Volleyball, soccer and wrestling are the biggest sports in the camps, both Roni and Marshall said.

Marshall recounted an experience, in the Kakuma camp in Kenya, home to displaced South Sudanese. The International Olympic Committee, a large partner in helping to bring sports to refugee children, had created a basketball court and field for play, as well as provided accessories for various sports. Girls in the camp had been given more sedate pursuits, like sewing and knitting. A camp elder, a woman named Ms. Gladys, had called Marshall over to observe the girls.

“Ms. Gladys asked me, ‘What do you hear, Marshall?’ I didn’t hear anything but needles hitting needles,” Marshall said, describing a small hut in which a dozen girls, 10 to 14 years old, sat silently knitting, crocheting and sewing.

Ms. Gladys told Marshall: “Do you know why they’re not talking? In doing this sewing that you’ve supplied, they sit there quietly and think about every horror they’ve gone through. And if you ask them what they went through, you couldn’t stand it.”

Now, whenever possible, girls are encouraged to play and to lead as much as boys.

Some of the organizations partnering with the UN refugee agency to provide sports play and regain a piece of lost childhood include the European Football League and the International Volleyball Federation. In more established camps, organizations like Right to Play help to build field houses and create environments that allow for long-term opportunities to play while training local leaders to keep programs operational. These settings occur in some of the worst tracts of land a country can offer.

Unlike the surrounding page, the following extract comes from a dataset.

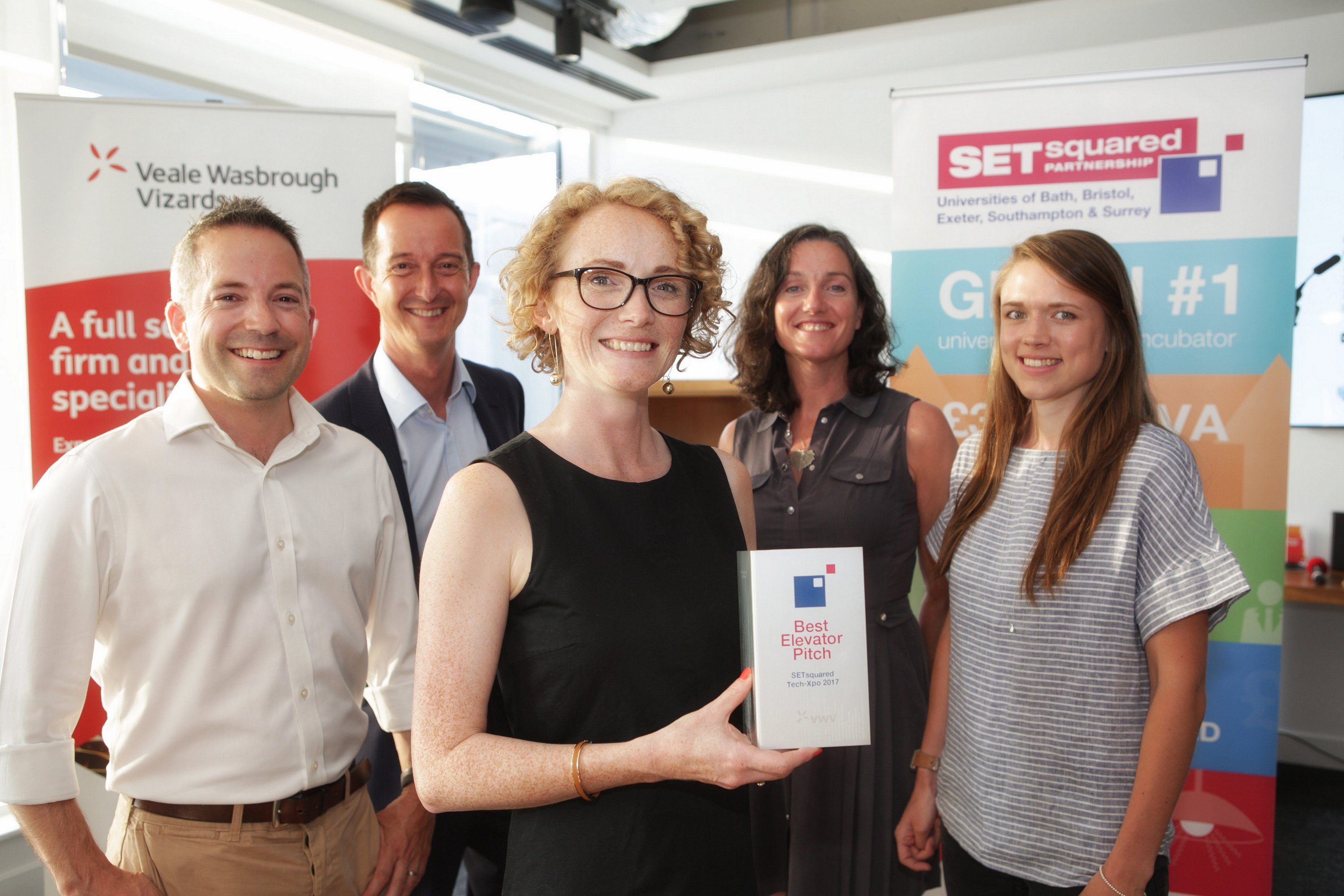 Pictured: Lisa Matthews, centre, of Kairo, winner of SETsquared Bristol’s ‘Best Elevator Pitch’ award last year at Tech-Xpo 2. Lisa is flanked by 2017 Tech-Xpo sponsors Nathan Guest of VWV, David Goodall of Barclays and Marina Traversari and Hazel Fleming of Oracle Startup Cloud Accelerator
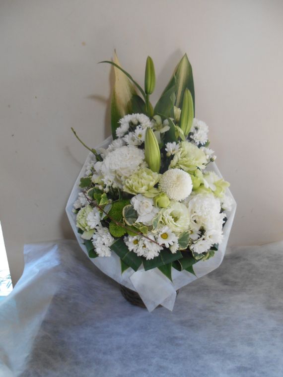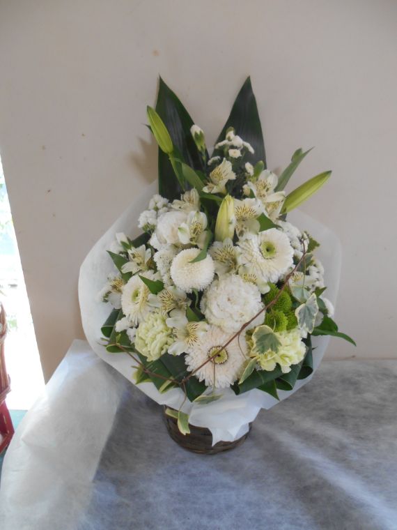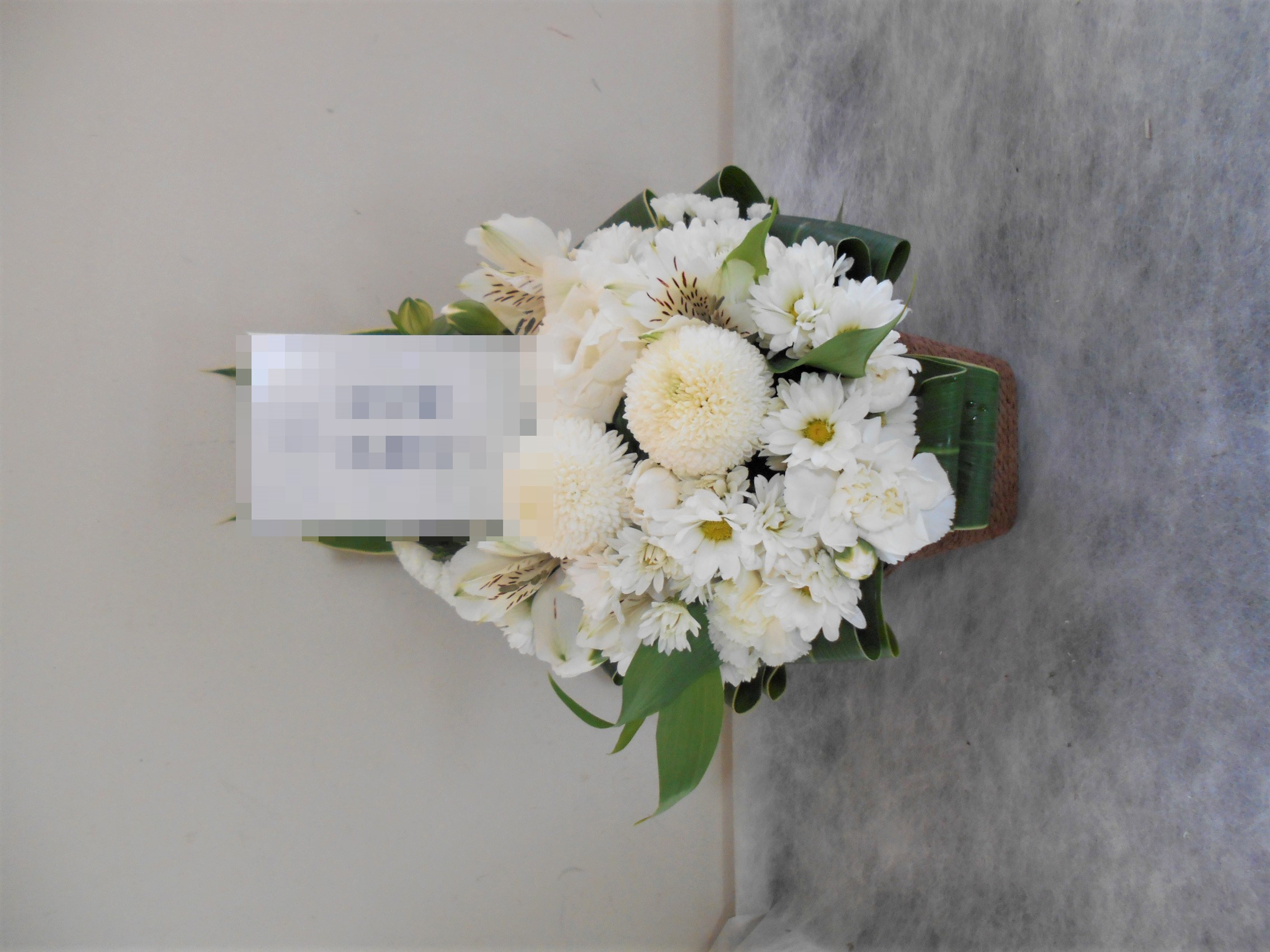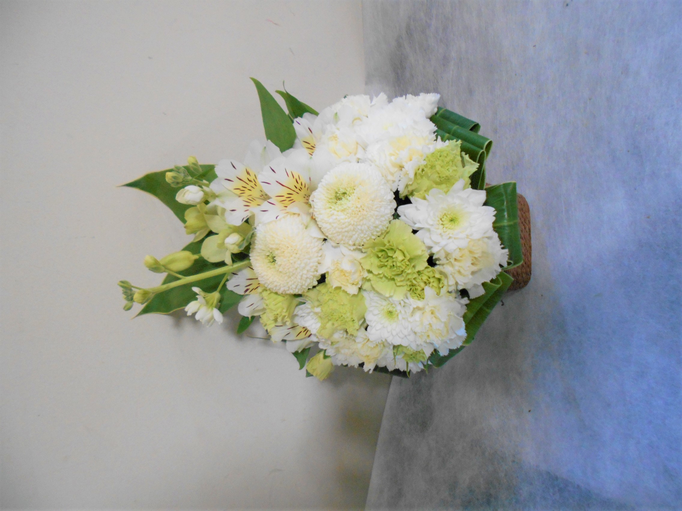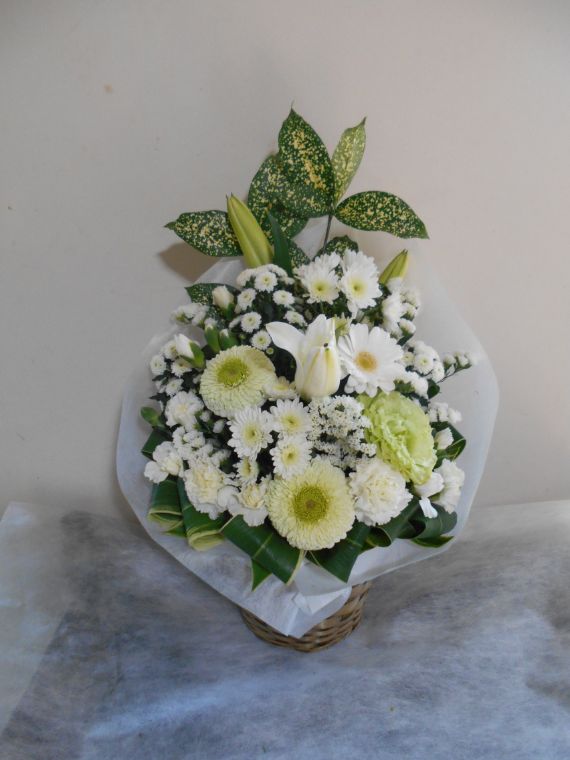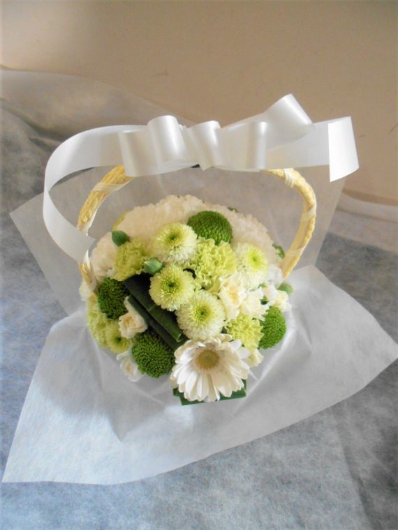お悔やみ お供えの花 供花 (ホワイト&グリーンでまとめたバスケットアレンジ)

In newer camps spawned by the outpouring of Syrian refugees, like Zaatari, fields are leveled for play and leagues established as much as possible. Other opportunities to include the host community in the activities can cultivate a more stable social understanding and the beginnings of a hybrid community. Many host communities are not typically wealthy, and a large influx of refugees adds more pressures.

As Barnabe of Right to Play noted, “What brings people together better than sport and play?”

Sports allow children to regain a sense of trust in their surroundings and keep close to what they had lost before they became refugees. “I could be in a camp in Africa, in Asia or Middle East, kids always ask me who my football team is,” Barnabe said. “I’m always kind of blown away by how much they love sports, follow sports and engage in sports. There’s something innate in sports that people identify with.”

Sports increasingly offer a chance to reach children throughout the world, helping them to excel in unstable environments. But the odds against a child from a refugee camp becoming an elite athlete are high.

The average caloric intake available in a camp is 1,500 daily; elite athletes diets range from 3,000 to 5,000 calories daily and up to 12,000 during intense periods like the Olympics.

Other problems crop up, like what can an athlete do after the Olympics? Return to life in the camp? Paths exist for athletes, even child athletes, who show promise to connect with schools and universities, thus opening doors for young refugees who wouldn’t normally have access to such luxuries. Yet those chances can be slim.

In 2003, John Chuol arrived in Kenya’s Kakuma camp by himself at age 10 from South Sudan. Basketball has been his route to a proper education since then. Chuol, ranked as one of Kenya’s best players, is deemed National Basketball Association quality and plays for the University of Nairobi. He recently told Xinhua, the Chinese news outlet, that he has resisted signing up to play for professional teams in the Kenya Basketball League to avoid jeopardizing his studies.

“I want to complete my studies and go back to South Sudan so that I can help others the way I was helped,” Chuol said. “The country really needs us.”